Éxodo
Capítulo 24
Rito de la Alianza
El Señor dijo a Moisés:
–Sube a mí con Aarón, Nadab y Abihú y los setenta dirigentes de Israel y arrodíllense allí a distancia.
Después se acercará Moisés solo, no ellos, y el pueblo que no suba.
Moisés bajó y refirió al pueblo todo lo que le había dicho el Señor, todos sus mandatos, y el pueblo contestó a una:
–Haremos todo lo que dice el Señor.
Entonces Moisés puso por escrito todas las palabras del Señor; madrugó y levantó un altar en la falda del monte y doce piedras conmemorativas por las doce tribus de Israel.
Mandó a algunos jóvenes israelitas ofrecer los holocaustos y ofrecer novillos como sacrificios de comunión para el Señor.
Después tomó la mitad de la sangre y la echó en recipientes, y con la otra mitad roció el altar.
Tomó el documento del pacto y se lo leyó en voz alta al pueblo, el cual respondió:
–Haremos todo lo que manda el Señor y obedeceremos.
Moisés tomó el resto de la sangre y roció con ella al pueblo, diciendo:
–Ésta es la sangre del pacto que el Señor hace con ustedes según lo establecido en estas cláusulas.
Subieron Moisés, Aarón, Nadab, Abihú y los setenta dirigentes de Israel,
y vieron al Dios de Israel: bajo los pies tenía una especie de pavimento de zafiro, límpido como el mismo cielo.
Dios no extendió la mano contra los notables de Israel, que pudieron contemplar a Dios, y después comieron y bebieron.
El Señor dijo a Moisés:
–Sube hacia mí, al monte, que allí estaré yo para darte las tablas de piedra con la ley y los mandatos que he escrito para instruirlos.

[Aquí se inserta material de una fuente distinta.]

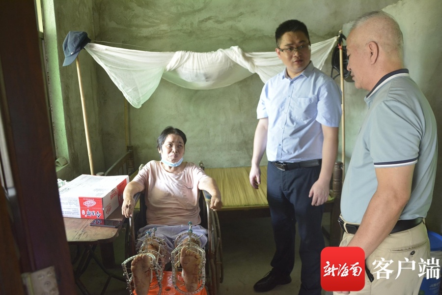 中午12点半,车子经过弯弯曲曲的水泥村道,终于到达了卓亚玉家门前。亲戚上前,帮助医生和护士一起,将行动不便的卓亚玉抬进屋,在嘘寒问暖之后,他们更关心卓亚玉以后能否走路。

Se levantó Moisés y subió con Josué, su ayudante, al monte de Dios;
a los dirigentes les dijo:
–Quédense aquí hasta que yo vuelva. Aarón y Jur están con ustedes; el que tenga algún asunto, que se lo traiga a ellos.
Cuando Moisés subió al monte, la nube lo cubría
y la Gloria del Señor descansaba sobre el monte Sinaí, y la nube lo cubrió durante seis días. Al séptimo día llamó a Moisés desde la nube.
La Gloria del Señor apareció a los israelitas como fuego voraz sobre la cumbre del monte.
Moisés se adentró en la nube y subió al monte, y estuvo allí cuarenta días con sus noches.